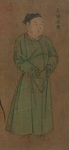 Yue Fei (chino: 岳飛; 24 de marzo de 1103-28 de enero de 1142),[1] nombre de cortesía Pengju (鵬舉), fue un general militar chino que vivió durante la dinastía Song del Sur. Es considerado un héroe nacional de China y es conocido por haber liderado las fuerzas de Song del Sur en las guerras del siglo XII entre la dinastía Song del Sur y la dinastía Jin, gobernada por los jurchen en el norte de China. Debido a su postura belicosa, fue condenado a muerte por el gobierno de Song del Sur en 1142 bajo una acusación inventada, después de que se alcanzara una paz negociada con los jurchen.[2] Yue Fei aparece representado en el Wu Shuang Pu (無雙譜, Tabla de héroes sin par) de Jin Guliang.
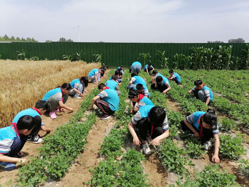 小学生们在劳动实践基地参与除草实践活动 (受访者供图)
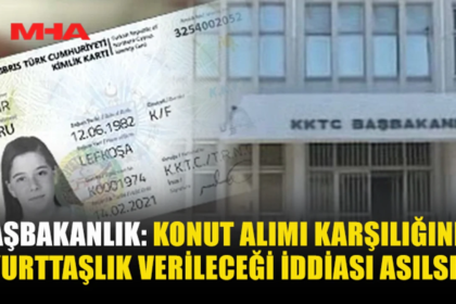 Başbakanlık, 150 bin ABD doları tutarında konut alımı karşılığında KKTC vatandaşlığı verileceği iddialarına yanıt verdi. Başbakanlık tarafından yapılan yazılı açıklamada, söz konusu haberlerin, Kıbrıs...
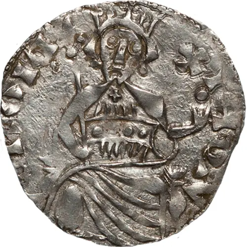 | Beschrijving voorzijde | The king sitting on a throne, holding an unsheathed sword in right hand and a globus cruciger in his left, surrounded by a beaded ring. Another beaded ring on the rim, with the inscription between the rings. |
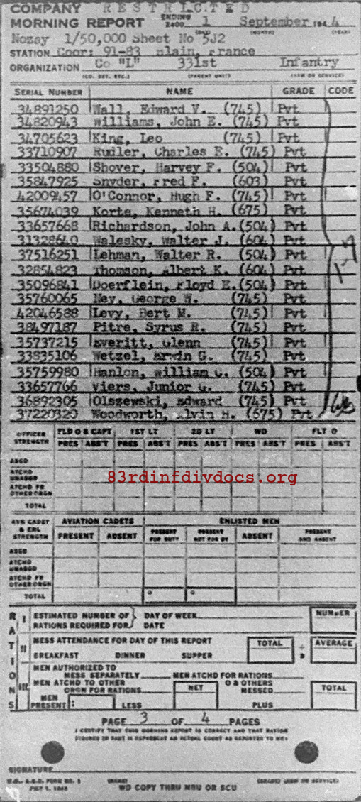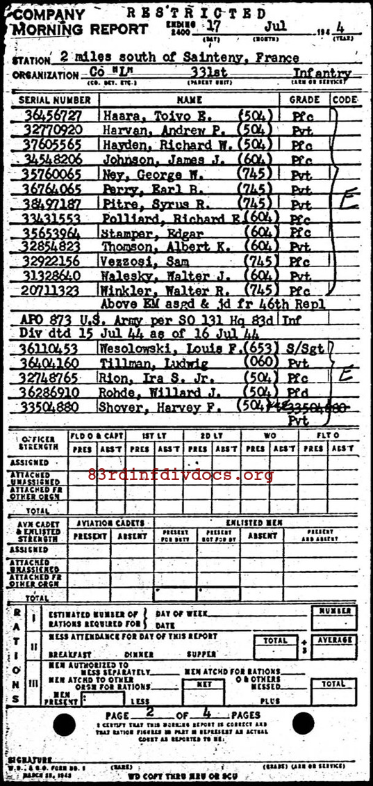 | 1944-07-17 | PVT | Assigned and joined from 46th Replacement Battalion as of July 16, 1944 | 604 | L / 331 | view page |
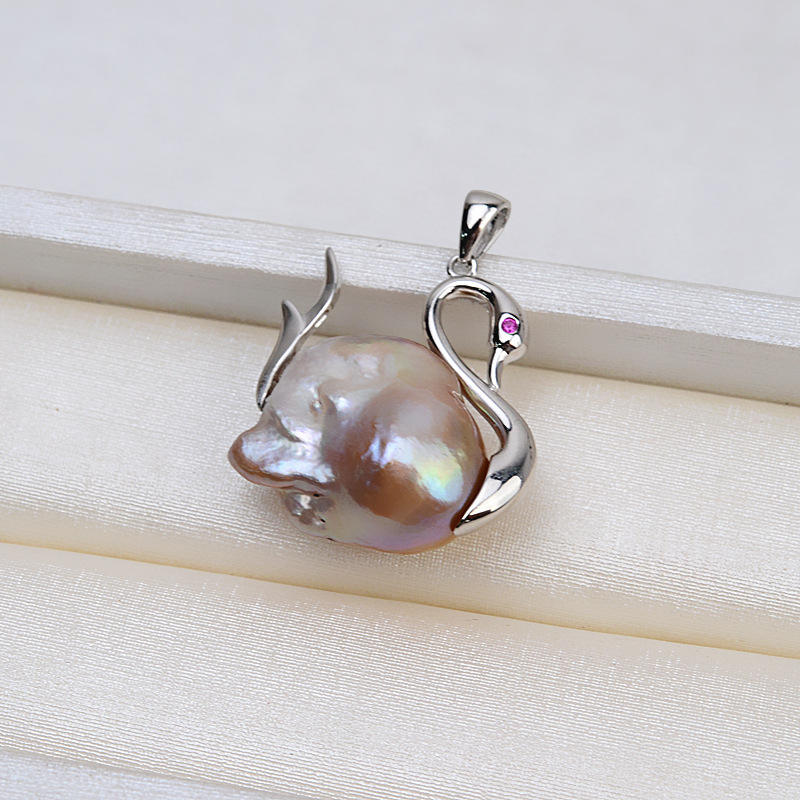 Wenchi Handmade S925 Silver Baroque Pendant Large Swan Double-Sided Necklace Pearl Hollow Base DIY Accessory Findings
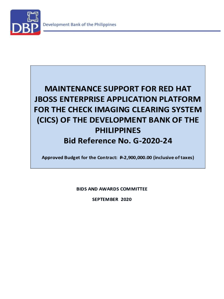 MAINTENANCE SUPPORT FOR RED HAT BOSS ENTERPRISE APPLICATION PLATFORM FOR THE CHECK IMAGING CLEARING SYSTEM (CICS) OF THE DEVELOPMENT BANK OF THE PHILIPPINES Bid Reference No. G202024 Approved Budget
...
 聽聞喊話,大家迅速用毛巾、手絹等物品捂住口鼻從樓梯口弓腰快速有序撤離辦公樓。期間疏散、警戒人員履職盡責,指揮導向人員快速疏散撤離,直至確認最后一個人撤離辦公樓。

* Exercise objective *
Above this task is a listing with pictures in it. Retype only the lines from the one containing "Wenchi Handmade S925" through the one containing "MAINTENANCE SUPPORT FOR", both included, and not the pictures.

* Response *
 Wenchi Handmade S925 Silver Baroque Pendant Large Swan Double-Sided Necklace Pearl Hollow Base DIY Accessory Findings
 MAINTENANCE SUPPORT FOR RED HAT BOSS ENTERPRISE APPLICATION PLATFORM FOR THE CHECK IMAGING CLEARING SYSTEM (CICS) OF THE DEVELOPMENT BANK OF THE PHILIPPINES Bid Reference No. G202024 Approved Budget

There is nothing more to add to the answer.